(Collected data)
◇ ◇ ◇

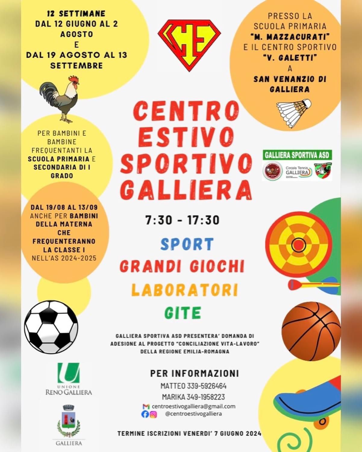 Domande: 𝗱𝗮𝗹 𝟬𝟳 𝗺𝗮𝗴𝗴𝗶𝗼 𝟮𝟬𝟮𝟰 𝗮𝗹 𝟳 𝗴𝗶𝘂𝗴𝗻𝗼 𝟮𝟬𝟮𝟰 in forma telematica inviando la modulistica all’indirizzo email centroestivogalliera@gmail.com o tramite consegna a mano a partire da sabato 11 maggio, tutti i sabati presso il centro sportivo – palazzetto dello sport dalle ore 9.30 alle ore 12.30.
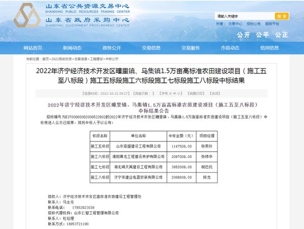 项目名称:2022年济宁经济技术开发区疃里镇、马集镇1.5万亩高标准农田建设项目七标段招标编码:/招标人:济宁经济技术开发区高标准农田建设工程管理处相关网络截图:相关网络链接:http://ggzyjyzx.shandong.gov.cn/
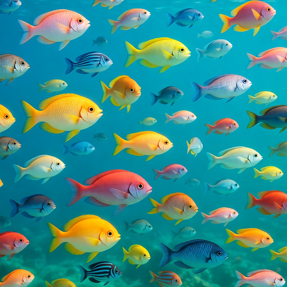 3D fish, animated fish, aquarium, blue fish, colorful fish, coral reef fish, exotic fish, fish school, marine animals, ocean, orange fish, pink fish, purple fish, sea life, swimming fish, turquoise water, underwater, vibrant colors, yellow fish, tropical fish
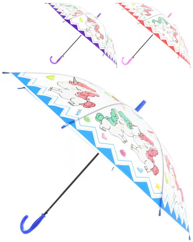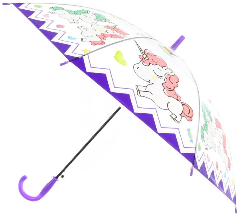 Automatický průhledný holčičí deštník s motivy jednorožců, ve třech barevných variantách. Baleno v igelitovém sáčku.Pěkný deštníček by neměl chybět ve výbavě žádného dítěte. Chůze v dešti se díky takovému deštníku stane pak tou pravou zábavou.
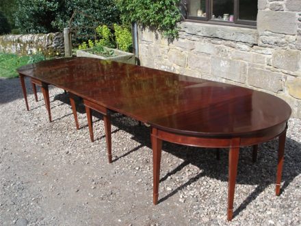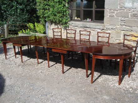 Very large Mahogany Georgian dining table with two D ends, pair of matching centre sections with two fixed folding down leaves and gate-leg action fly legs.
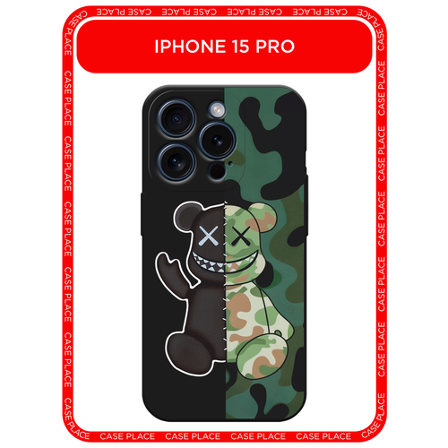 Черный матовый чехол на Apple iPhone 15 Pro / Айфон 15 Про с принтом KAWS 23 февраля 3

◇ ◇ ◇

## Exercise
Find the line containing "Very large Mahogany" in the records above and restate it, and each line after it through the end, word for word, dropping the pictures.

## Response
 Very large Mahogany Georgian dining table with two D ends, pair of matching centre sections with two fixed folding down leaves and gate-leg action fly legs.
 Черный матовый чехол на Apple iPhone 15 Pro / Айфон 15 Про с принтом KAWS 23 февраля 3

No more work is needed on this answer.